In September 2019, Vista Gold updated its prefeasibility study, which outlined a 50,000 tonne per day project with a mine life of about 13 years and annual production of 413,400 oz. of gold over the mine life. (During the first five years, the mine would produce about 495,100 oz. of gold.) Life-of-mine average all-in sustaining costs were pegged at $746 per ounce (and $688 per oz. during the first five-year period.)
The study estimated initial capex of $826 million, an after-tax net present value at a 5% discount rate of $823 million and a post-tax internal rate of return of 23.4% at a gold price of $1,350 per ounce. At a gold price of $1,750 per oz., the NPV grows to $1.5 billion and the IRR to 35.1%.
Commercial production could begin after a two-year construction period followed by six months of commissioning and ramp-up.
The project has measured and indicated resources, which include proven and probable reserves, of 299.09 million tonnes grading 0.82 gram gold per tonne for 7.87 million oz. of contained gold, and inferred resources of 65.30 million tonnes grading 0.77 gram gold per tonne for another 1.61 million oz. of gold.
The company’s mine management plan was approved in June.
In addition to Mt. Todd, the company has 1,501 sq. km of contiguous exploration licenses that could yield satellite deposits.
Market Capitalization: $98 million
Golden Minerals (TSX: AUMN; NYSE: AUMN), ranked in eighth spot last year, transitioned from an exploration company to a gold and silver producer in January, and poured first gold in February at its Rodeo open-pit mine in Mexico’s Durango state.
The mine, 80 km from Velardena, produced 3,452 oz. of gold and 12,323 oz. silver in the second quarter (3,634 gold-equivalent ounces). The average grade during the quarter was 3.6 grams gold per tonne. The company is targeting plant throughput of 550 tonnes per day during the third quarter. Ore is trucked to the company’s oxide mill at its Velardena properties, about 115 km away. Golden Minerals forecasts Rodeo will produce a total of 12,000-14,000 oz. of gold and 25,000-30,000 oz. silver this year.
Based on a preliminary economic assessment in April 2020, Rodeo has an expected mine life of two and a half years and the company is conducting expansion drilling to extend the life of mine.
Assays from near-pit exploration drilling at Rodeo released in June included 14.7 metres of 3.94 grams gold per tonne and 8 grams silver per tonne starting from 14.7 metres downhole and 13.75 metres of 2.64 grams gold per tonne and 10.5 grams silver from 13.8 metres.

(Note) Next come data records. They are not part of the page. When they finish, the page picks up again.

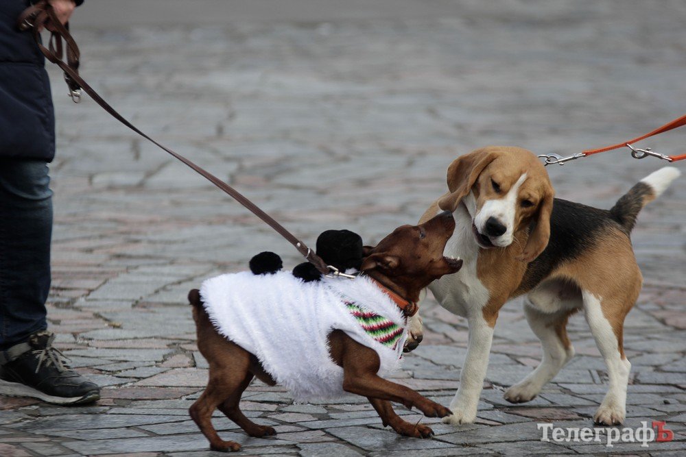 Сегодня, 23 декабря, в Кременчуге возле главной новогодней елки города на площади Победы проходит костюмированный парад собак. Организатор мероприятия - голубевод Геннадий Тертычный, известный проведением в городе Всеукраинского костюмированного парада животных «Кубок Хатико» и Всеукраинских выставок голубей.
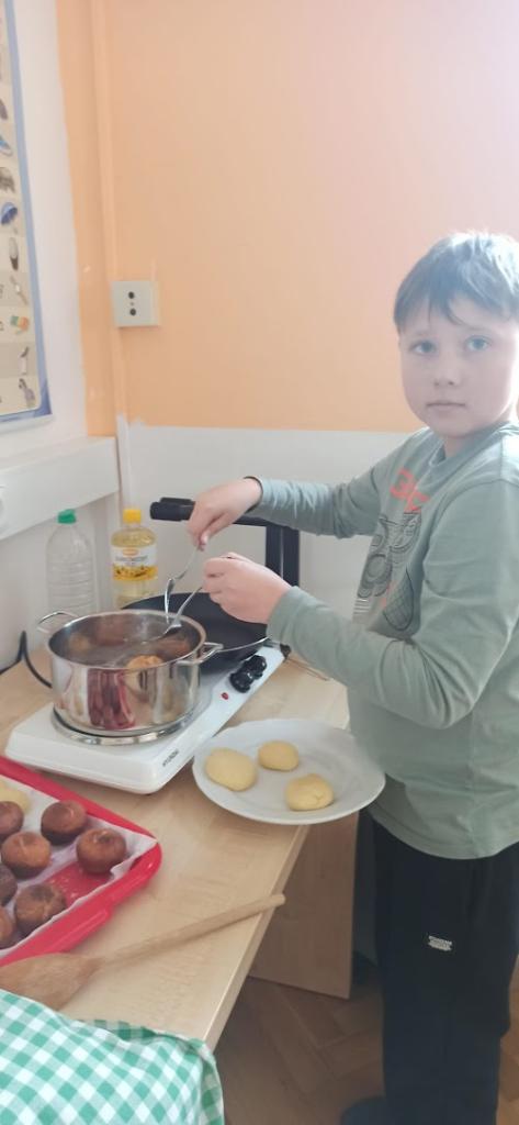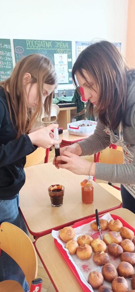 V rámci hodin prvouky a přírodovědy jsme s žáky prozkoumali další masopustní tradici- smažení koblížků a karneval masek.
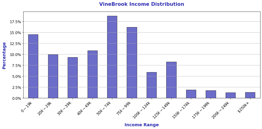 VineBrook typically buys properties in line with a strategy of workforce housing, targeting more affordable areas. The lower income distribution relative to that of other funds is reflected at the census tract level for areas where VineBrook owns properties.
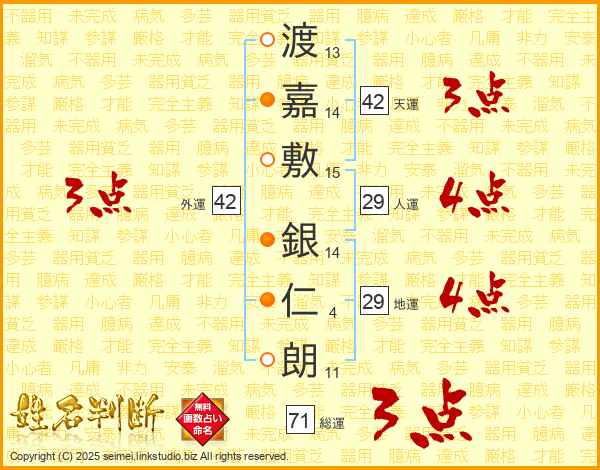 渡嘉敷銀仁朗さんの人運は29画の4点!
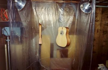first coat! Lacquer itself is interesting, because the fumes are not only toxic but highly explosive. Wearing a good quality mask with organic vapor filters is important, and making sure that there are no flames or sparks nearby is equally important. Because I started the finishing process in January, and I live in New Hampshire, our gas-fired boiler and gas-fired hot water heater both run frequently, and are located (of course) in the basement where I needed to do my spraying! So, for over a week I had a routine of turning the heat up very high when getting up in the morning, and then before leaving for work, shutting down the furnace and hot water heater, and extinguishing the pilot lights. I'd spray a coat of lacquer on, and then head to work. I'd come back two hours later to re-light the hot water heater and furnace, and warm the house back up. Then, I'd do it all over again after another 2-3 hours had passed. After every two to three coats, I'd sand with 600 grit paper to try and even out the finish. The finish did not come out as smooth as I had hoped, but I attribute that to spraying the lacquer in a 55 degree basement instead of the recommended 70 degrees. In this picture, you see a make-shift "spraying booth". Basically, I bought a cheap plastic tarp, and made a three-sided area out of the plastic to catch the overspray. I put a screw eye in the neck-joint area of both the body and neck to use for suspending the part while spraying.

Its Velardena property, about 140 km northeast of the city of Durango, contains two past-producing underground silver and gold mines and two mills (oxide and sulphide). Mining was suspended in 2015 due to a combination of low metal prices, dilution and metallurgical challenges. (It leased one of the two mills to Hecla from late 2015 until November 2020.)
The company updated a preliminary economic assessment in April 2020 that incorporated refinements to the resource model and bio-oxidation processing technology to enhance gold recoveries. The study outlined a mine life of ten years with life of mine contained metal of 12.3 million oz. silver and 188,000 oz. gold. Pre-production capital costs were forecast to run to $10.3 million. This year the company intends to optimize the mine plan with the view to potentially restarting mining and flotation processing later this year or in early 2022.
The company’s other projects include El Quevar, in Argentina’s Salta province; and Santa Maria and Yoquivo in Mexico’s Chihuahua state. The company released assay results in January from a 15-hole drill program at Yoquivo, with highlights of 1.3 metres grading 5.69 grams gold per tonne and 223 grams silver per tonne from 114 metres; and 0.2 metres grading 15.4 grams gold per tonne and 1,150 grams silver per tonne starting from 131 metres.